Considering Grendel's origin and lair in Beowulf, what symbolic meaning might underlie the confrontation between Grendel and Hrothgar?
The confrontation between Grendel and Hrothgar, in the epic of Beowulf, exists because of Hrothgar's loyalty to God (today's version is presented from a Christian perspective). As defined by the text, Grendel has been exiled from the light by God because of his relation to Cain. Since exiled for another's act, Grendel defines God as his enemy. Since unable to enact his revenge upon God himself, Grendel chooses to enact his revenge upon those who worship God.
Hrothgar's love for God leads him to build a master mead hall, in order to give praise to God for his (Hrothgar's) victories. The people celebrating and praising God in Heorot (Hrothgar's mead hall) enrage Grendel. In an attempt to stop the praise of God, Grendel attacks Heorot so many times that Hrothgar is forced to close its doors and cease the praise of God.

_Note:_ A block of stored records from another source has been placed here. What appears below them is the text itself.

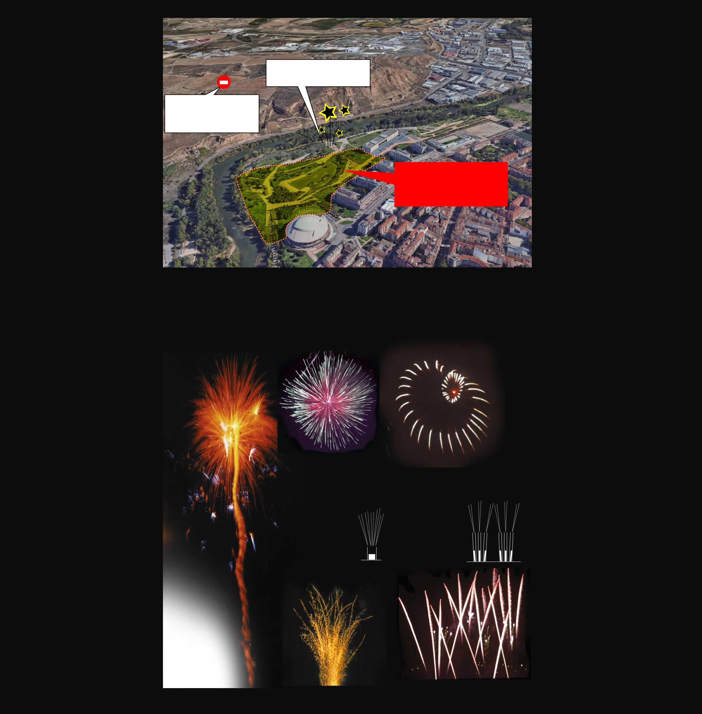 Disparan varios chorros de fuego a media altura que permanecen en el aire unos segundos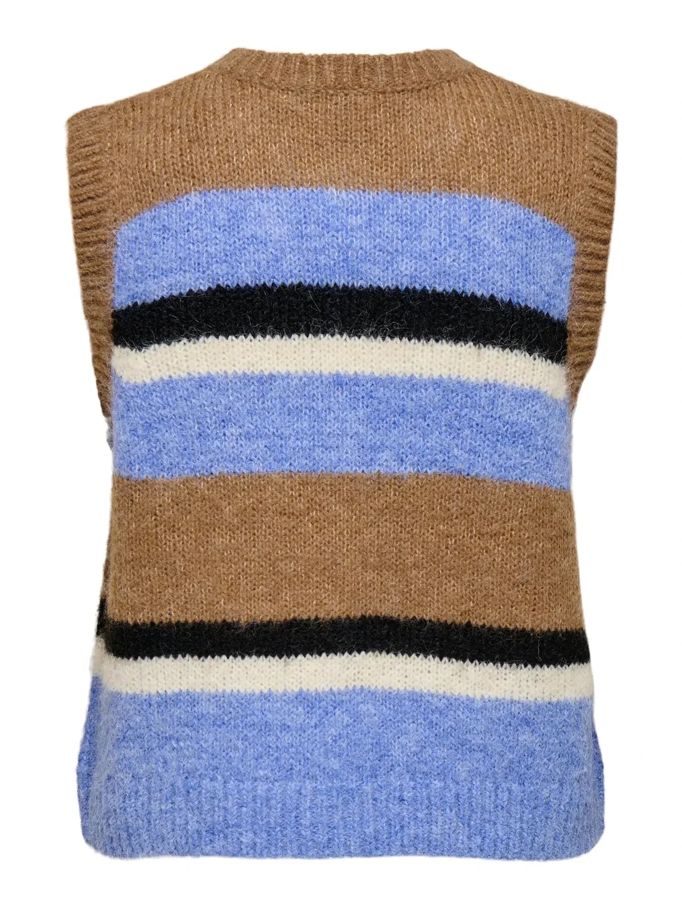 Raidallinen liivi Onlyltä, jossa on leveät vaakasuorat raidat ruskeassa, vaaleansinisessä, mustassa ja valkoisessa. Liivissä on mustat napit ja pyöreä kaula-aukko.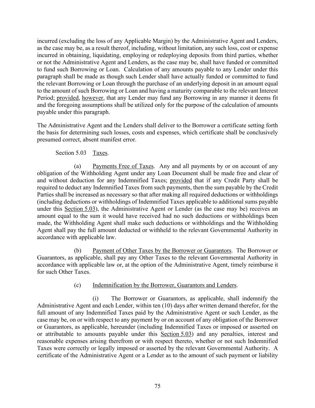 75 incurred (excluding the loss of any Applicable Margin) by the Administrative Agent and Lenders, as the case may be, as a result thereof, including, without limitation, any such loss, cost or expense incurred in obtaining, liquidating, employing or redeploying deposits from third parties, whether or not the Administrative Agent and Lenders, as the case may be, shall have funded or committed to fund such Borrowing or Loan. Calculation of any amounts payable to any Lender under this paragraph shall be made as though such Lender shall have actually funded or committed to fund the relevant Borrowing or Loan through the purchase of an underlying deposit in an amount equal to the amount of such Borrowing or Loan and having a maturity comparable to the relevant Interest Period; provided, however, that any Lender may fund any Borrowing in any manner it deems fit and the foregoing assumptions shall be utilized only for the purpose of the calculation of amounts payable under this paragraph. The Administrative Agent and the Lenders shall deliver to the Borrower a certificate setting forth the basis for determining such losses, costs and expenses, which certificate shall be conclusively presumed correct, absent manifest error. Section 5.03 Taxes. (a) Payments Free of Taxes. Any and all payments by or on account of any obligation of the Withholding Agent under any Loan Document shall be made free and clear of and without deduction for any Indemnified Taxes; provided that if any Credit Party shall be required to deduct any Indemnified Taxes from such payments, then the sum payable by the Credit Parties shall be increased as necessary so that after making all required deductions or withholdings (including deductions or withholdings of Indemnified Taxes applicable to additional sums payable under this Section 5.03), the Administrative Agent or Lender (as the case may be) receives an amount equal to the sum it would have received had no such deductions or withholdings been made, the Withholding Agent shall make such deductions or withholdings and the Withholding Agent shall pay the full amount deducted or withheld to the relevant Governmental Authority in accordance with applicable law. (b) Payment of Other Taxes by the Borrower or Guarantors. The Borrower or Guarantors, as applicable, shall pay any Other Taxes to the relevant Governmental Authority in accordance with applicable law or, at the option of the Administrative Agent, timely reimburse it for such Other Taxes. (c) Indemnification by the Borrower, Guarantors and Lenders. (i) The Borrower or Guarantors, as applicable, shall indemnify the Administrative Agent and each Lender, within ten (10) days after written demand therefor, for the full amount of any Indemnified Taxes paid by the Administrative Agent or such Lender, as the case may be, on or with respect to any payment by or on account of any obligation of the Borrower or Guarantors, as applicable, hereunder (including Indemnified Taxes or imposed or asserted on or attributable to amounts payable under this Section 5.03) and any penalties, interest and reasonable expenses arising therefrom or with respect thereto, whether or not such Indemnified Taxes were correctly or legally imposed or asserted by the relevant Governmental Authority. A certificate of the Administrative Agent or a Lender as to the amount of such payment or liability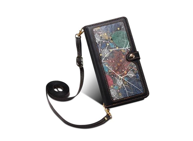 Capa de telefone de couro com cordão longo para iPhone 15 Pro Max 14 Plus 13 12 11 X XS XR Capa de cartão carteira com zíper, preta, para iPhone 12 Mini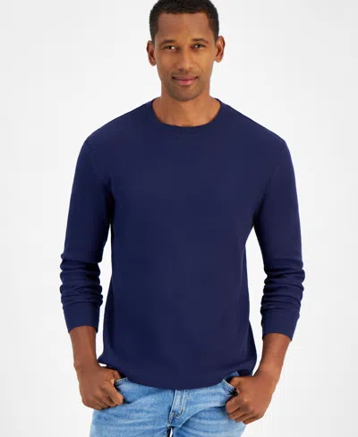 Men's Thermal Long-sleeve Ribbed Crewneck Sweater, Created For Macy's In Navy Blue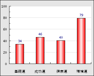 環境運 家庭や職場等での援助運・環境運を司ります。これが良いと配偶者や子供・職場の同僚などから助力が得られやすく、悪いと波乱・不和・孤独などがあります。 79点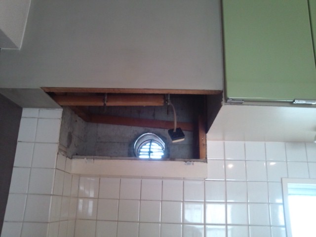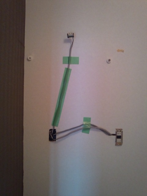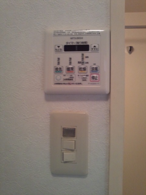コントローラーの配線は、浴室照明スイッチの上に穴を空け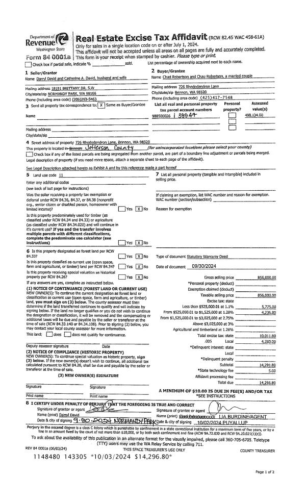 | Mailing Address: | 740 TYLER ST PORT TOWNSEND, WA 98368-6538 | % Ownership: | 100.0000000000% |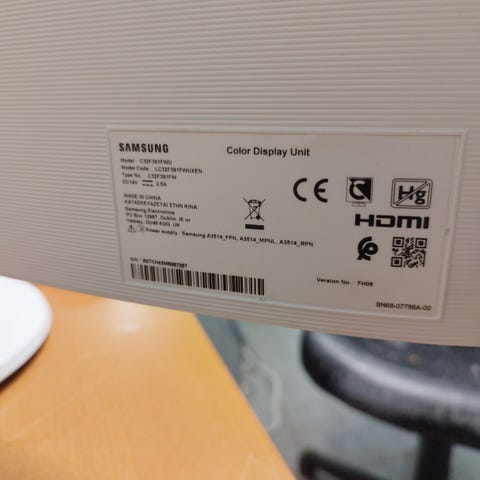 Samsung C32F391FWU Curved bildskärm med 32 tum skärmstorlek. På baksidan finns anslutningar för HDMI, DisplayPort och hörlursutgång samt strömanslutning.

Therefore, the symbolic meaning behind the confrontation between Grendel and Hrothgar lies in the continual battle between good and evil, light and dark, and Christian and pagan. Grendel symbolizes evil, darkness, and pagan life. Hrothgar symbolizes good, light, and Christianity. As natural "enemies," the symbolism lies in the eternal conflict between the good and evil in the world.